A pre- operative nasal endoscopic score in our patients was 6.02, 6 months score was 3.1 and 12 months score was 2.5. Kenny et al., [17] correlated smell sense with radiological findings only and found it significant. Significant correlation of olfactory scores with each of CT, endoscopic, and subjective scores both before and 3 months after sinus surgery. Ryan et al., [18] correlated symptomatology, endoscopic, and radiological criteria in CRS patients and found poor correlation but found subjective impaired sense of smell to be correlating closely with abnormal endoscopic findings. Rosbe et al., [19] studied whether symptoms and endoscopic grade could be predicted by CT scan.
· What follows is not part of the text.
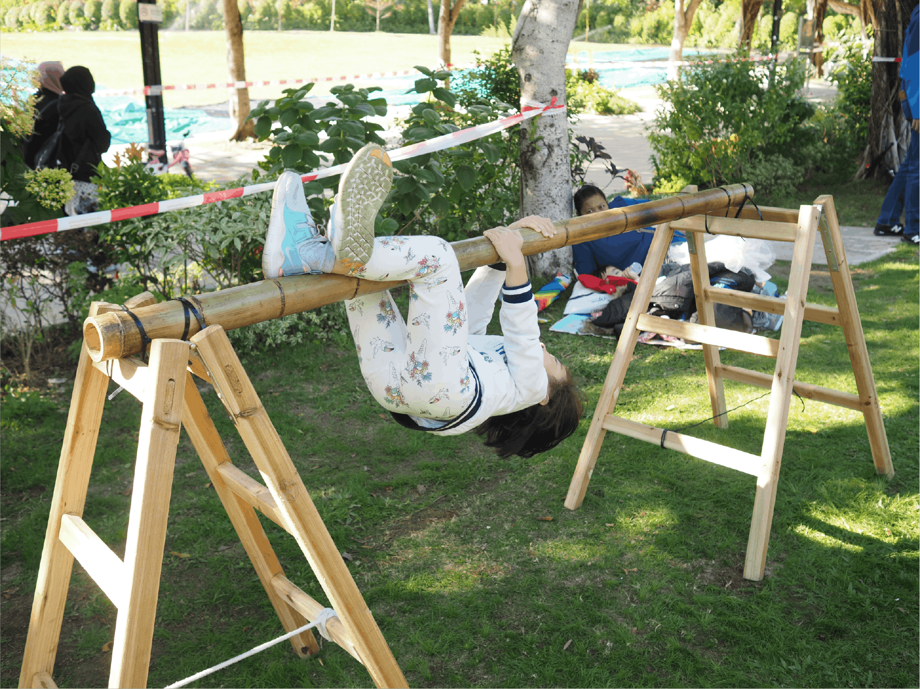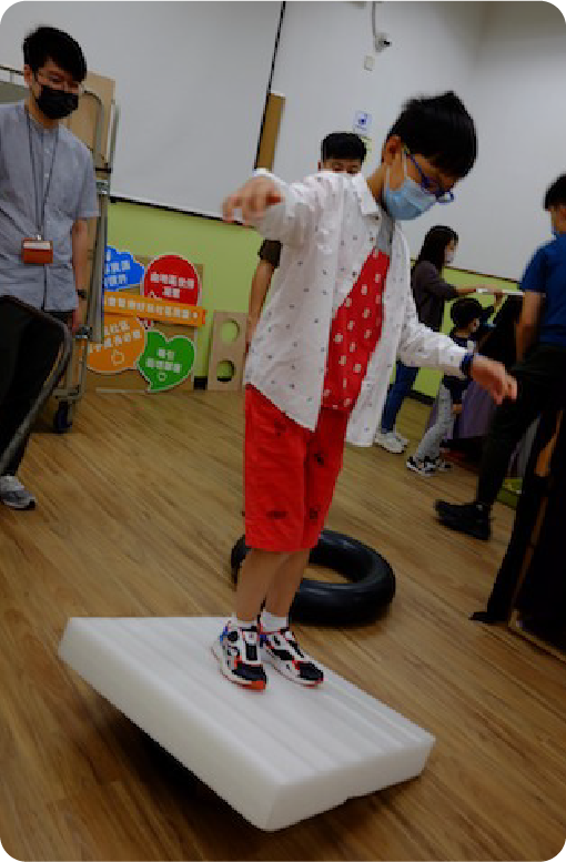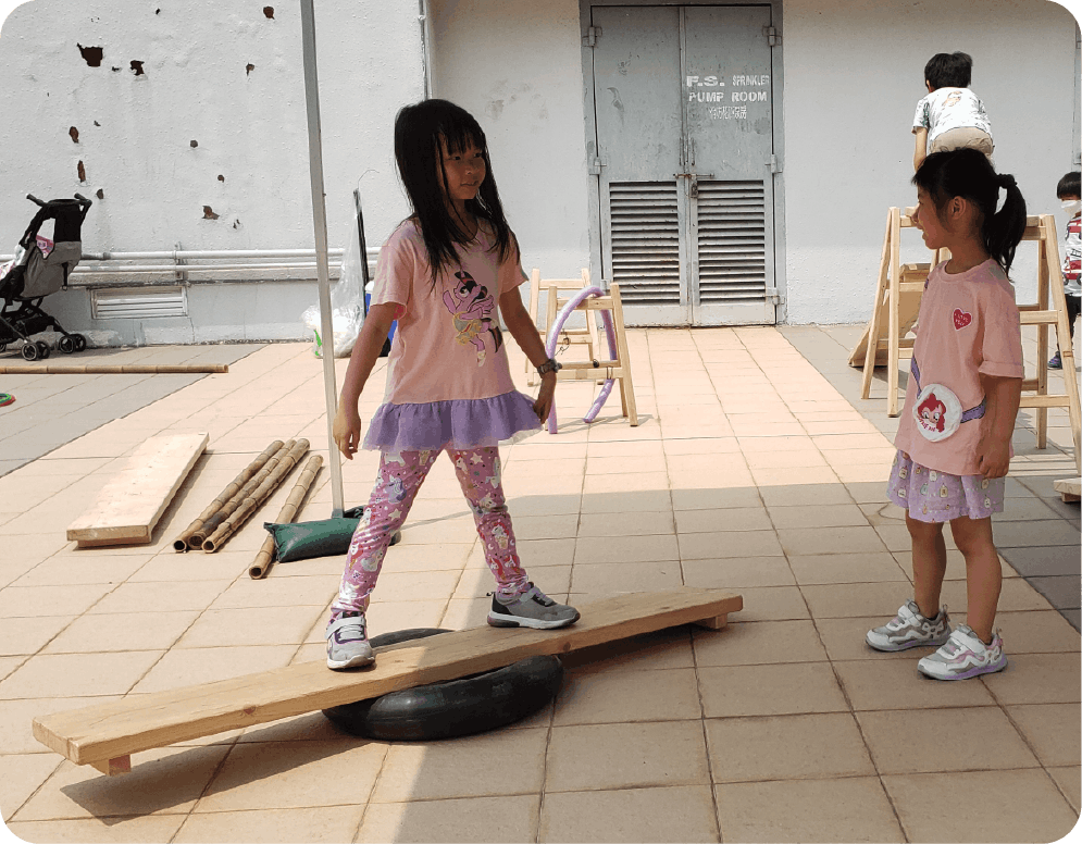 將彈性的物料放在木板中間,便可製成搖搖板在多條同一高度的木梯上,放上相應木板,創造高人一等的平衡遊戲

For patients with objective findings on imaging and endoscopy, nasal obstruction and postnasal drainage were the most likely to correlate, and headache and facial pain were the least likely.
Wang et al., [20] undertook study of surgical outcomes of functional endoscopic sinus surgery and radical sinus surgery for refractory rhinosinusitis on 56 cases with refractory rhinosinusitis which were classified into functional endoscopic surgery group (FESS group) and radical sinus surgery group (RSS group). On comparison of age, gender, complicated with allergic rhinitis and asthma, no significant difference between two groups was observed (P> 0.05). However, there was significant difference between two groups in the number of patients with previous surgery (P< 0.05). Pre-operative VAS symptom score, Lund-Kennedy score and Lund-Mackay score were higher in RSS group than in FESS group. VAS symptom score (P< 0.01), Lund-Kennedy score (P< 0.01), Lund-Mackay score (P 0.05). However, Lund-Kennedy score (P< 0.01) and Lund-Mackay score (P< 0.01) were lower in RSS group postoperatively. Among patients with surgery history, Lund-Kennedy score (P< 0.01) and Lund-Mackay score (P< 0.01) were also lower in RSS group at one year follow-up.